7) Tenho triste memória da Sinfonia 40 de Mozart. Eu a ouvia pelo rádio da sala de minha casa (tinha uns 18 anos) quando meu pai chegou da missa enfurecido:

- Baixe essa porcaria! De lá da esquina eu estava ouvindo esse escândalo! Você tá surdo?

Desliguei o rádio e fui ouvir o resto da 40 - prosseguindo-a na memória  - no aparelho que havia entre minha cama e a de meu irmãos, sobre um criado mudo. O bicho demorou pra esquentar, e - enquanto eu prosseguia a obra de Mozart na memória - ouvi minha mãe me defendendo, dizendo que eu tinha só o domingo pra ouvir o que queria, etc, etc, o velho dizendo que eu devia fazer como meu irmão e estar namorando, em vez de ficar ouvindo essas merdas o tempo todo. E aí o som chegou, ouvi a orquestra, o som se foi, continuei cobrindo a lacuna com a memória, ouvi meu pai me esculhambando, o som voltou, se foi, de novo a memória, ouvi meu pai me esculhambando, fechei o punho, recuei-o e dei um murro no rádio, cujo som parou, incluindo o mental. Tirei minha mão tremente do meio das válvulas, meu irmão entrou, viu o estrago, meu pai entrou, meu irmão deitou-se na cama e forçou o ombro pra encobrir o que eu fizera, meu pai desconfiou, "O que foi isso?"  e berrei: Fui eu que quebrei e está quebrado: pago o conserto e pronto!" E saí, puto. Chocado, o velho foi atrás e, pela primeira vez, em toda a vida, conversou comigo.

8) Comentário de Jorge Elias Neto:

Marco do Mundo é livro para embriagar. Daqueles porres que tomamos algumas vezes, quando só paramos de beber na última gota – foi assim que li seu livro.

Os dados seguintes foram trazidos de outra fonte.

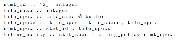 Tile size的选择也是一个非常有意思的topic,目前的compiler有几种常用的方法:基于类型使用程序默认的tile size;或者将这一个过程委托给用户,让用户在开发算子schedule模板时来设置tile size的大小。为了更好的适配多面体模型,AKG为tile size专门提出了一个specification language。
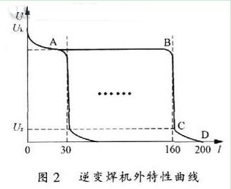圖2所示即為高頻逆變焊機所普遍采用的一種行之有效的恒流帶外拖的外特性曲線。其中Uk為空載電壓,即焊機不工作時的輸出電壓。一個較高的空載電壓有助于起弧階段快速建立起穩定的工作狀態。一般空載電壓為90V左右;AB段為起弧階段,即焊機建立工作狀態的過渡過程,近似于恒壓輸出。這個過程中變換器以最大脈寬輸出,以最快速度達到設定工作電流時該階段結束;BC段為穩定工作階段,近似為恒流過程,使焊機具有一個平穩、恒定的工作電流;CD段為外拖階段,由于焊機在頻繁的起弧和工作過程中焊槍很容易和工件短路粘連,造成焊接過程不順暢,如果此時系統檢測到一個較低的短路電壓后能夠相應地增大輸出電流值,就可以將粘連部分熔斷,從而獲得一個連續、平穩的焊接過程。
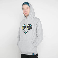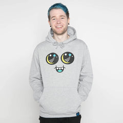DanTDM grey hoodie with shooting star eyes and cheeky smile design on the front. Finished off with the official DanTDM logo loop label on the hem.
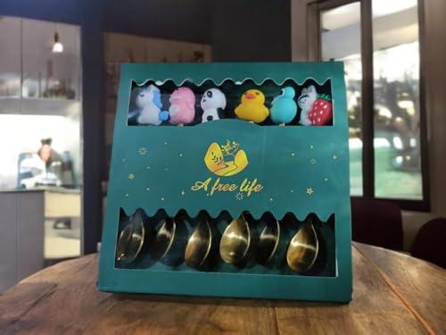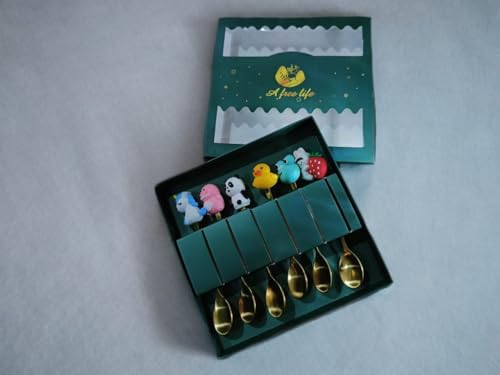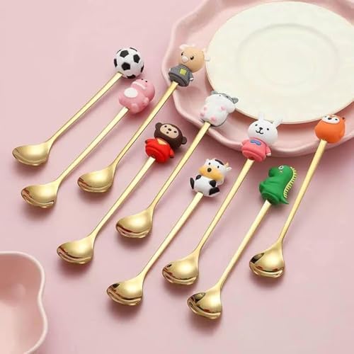 Generic - طقم معالق فاكهة وحلويات بتصميم لطيف، معالق تقليب للقهوة والحلويات من الفولاذ المقاوم للصدأ، (مقاس 16 سم، لون ذهبي)

As imagens iniciais do poema alteram nossa estabilidade, nos lançam em queda. O poeta é um atleta do abismo, um alpinista do nada, é no que acredito. É o que vi em seu livro.

Poema feito com pedras marroadas, retiradas de trechos significativos da trajetória humana e cuidadosamente arranjadas.

Sempre tive receio de poemas longos, das oscilações, quedas e ascensões que podem prejudicar o todo. Tive certa essa sensação quando li o grande Poema Sujo, disse: Isso não é para mim...

Tenho um hábito que tem se repetido cada vez mais raramente: quando termino de ler um livro que gosto muito (acho que seja algo comum aos apaixonados por literatura), olho a capa, a contra-capa e faço um leve carinho.

Ao acabar seu livro pude repetir algo que mantém acessa minha paixão.

9) Comentário de Dércio Braúna:

Não tenho o dom dos senhores da crítica. Tenho, sim, um sentir que me toca quando tenho diante das mãos e dos olhos belas coisas como esse teu mundo em turbilhão, em gestação, em cria, (...) esse teu mundo telúrico, barroco, gritante, inquietante... magnífico.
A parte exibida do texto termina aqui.